▶ Task statement
A single count is required: the lines of the data below in which the word "white" occurs.

▶ Given records

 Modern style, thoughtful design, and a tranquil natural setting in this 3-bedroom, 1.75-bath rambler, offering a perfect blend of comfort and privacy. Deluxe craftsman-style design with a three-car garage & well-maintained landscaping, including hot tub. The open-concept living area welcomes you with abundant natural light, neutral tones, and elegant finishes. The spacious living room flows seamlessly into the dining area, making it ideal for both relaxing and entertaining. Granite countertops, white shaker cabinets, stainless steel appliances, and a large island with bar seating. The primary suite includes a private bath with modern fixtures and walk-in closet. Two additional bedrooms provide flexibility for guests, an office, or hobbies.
--
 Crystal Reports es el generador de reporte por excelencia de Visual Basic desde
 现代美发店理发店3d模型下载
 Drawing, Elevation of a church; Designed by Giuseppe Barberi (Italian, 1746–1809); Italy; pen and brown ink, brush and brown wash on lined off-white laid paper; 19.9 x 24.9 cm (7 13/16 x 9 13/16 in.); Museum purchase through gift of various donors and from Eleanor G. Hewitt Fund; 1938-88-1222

▶ Result for this task
2